Culture
Kneecap, du rap nord-irlandais au militantisme palestinien


Le trio controversé revendique une constance dans son engagement pro-palestinien, malgré les annulations de concerts et les poursuites judiciaires. Leur notoriété n’a cessé de croître avec la guerre à Gaza.
Le groupe de rap nord-irlandais Kneecap observe une évolution notable dans le soutien public à la cause palestinienne. Rencontrés à Paris avant une représentation, les membres du trio estiment que leur positionnement, constant depuis leurs débuts, rencontre aujourd’hui un écho plus large. Leur popularité a connu une nette augmentation cet été, parallèlement aux polémiques suscitées par leurs prises de parole.
L’un des rappeurs, Mo Chara, reconnaît une hausse de la fréquentation de leurs concerts et de leurs revenus, mais il rejette l’idée d’une instrumentalisation de la situation. Il affirme que le groupe n’a jamais modifié son discours et que c’est le mouvement de solidarité avec la Palestine qui s’est amplifié. La présence du drapeau palestinien sur scène ou les références à cette cause font, selon lui, partie intégrante de leur identité artistique depuis leur formation.
Cette posture militante n’est pas sans conséquences. Mo Chara fait l’objet d’une enquête antiterroriste au Royaume-Uni pour avoir brandi un emblème du Hezbollah lors d’un concert à Londres en novembre 2024. Il est également accusé d’avoir scandé des slogans favorables au Hamas et au Hezbollah. Le musicien soutient avoir ignoré la nature exacte du drapeau et considère que ses actions sur scène relèvent de la performance artistique et non d’un appel littéral à la violence.
Plusieurs de leurs concerts en Europe ont été annulés, et une tournée américaine a été reportée. Les autorités hongroises leur ont refusé l’entrée sur le territoire, et le Premier ministre britannique a tenté, sans succès, de les faire exclure du festival de Glastonbury. Malgré ces obstacles, le groupe considère désormais ses performances comme des espaces d’expression libre, où le public peut afficher ses convictions.

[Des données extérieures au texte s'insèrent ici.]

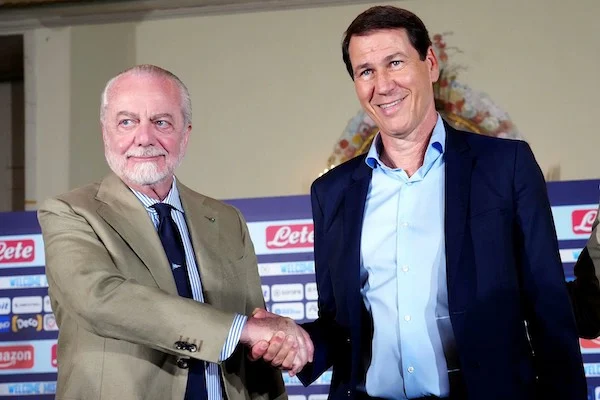 Napoli 19/06/2023 - conferenza stampa presentazione nuovo allenatore Napoli Rudi Garcia / foto Imago/Image Sport nella foto: Aurelio De Laurentiis-Rudi Garcia ONLY ITALY

Fondé à Belfast en 2018, Kneecap s’est fait connaître en mêlant rap en langue irlandaise, provocation et critique politique, notamment envers la présence britannique en Irlande du Nord. Leurs déclarations incendiaires, dont un appel à s’en prendre aux députés lors d’un concert, leur ont valu de vives critiques et des excuses publiques. Leur passage à Coachella en avril dernier avait également suscité la controverse après la projection du message « Fuck Israel, Free Palestine ».
Les membres du groupe estiment que leur notoriété contribue à rendre visibles les Palestiniens, qu’ils jugent trop souvent ignorés par les médias traditionnels. Ils se disent encouragés par la multiplication des voix critiques envers le conflit à Gaza. Mo Chara se montre confiant quant à l’issue des procédures judiciaires le visant, qualifiant l’enquête de « ridicule » et anticipant un non-lieu qui leur permettra de se produire à nouveau sans entrave, y compris aux États-Unis.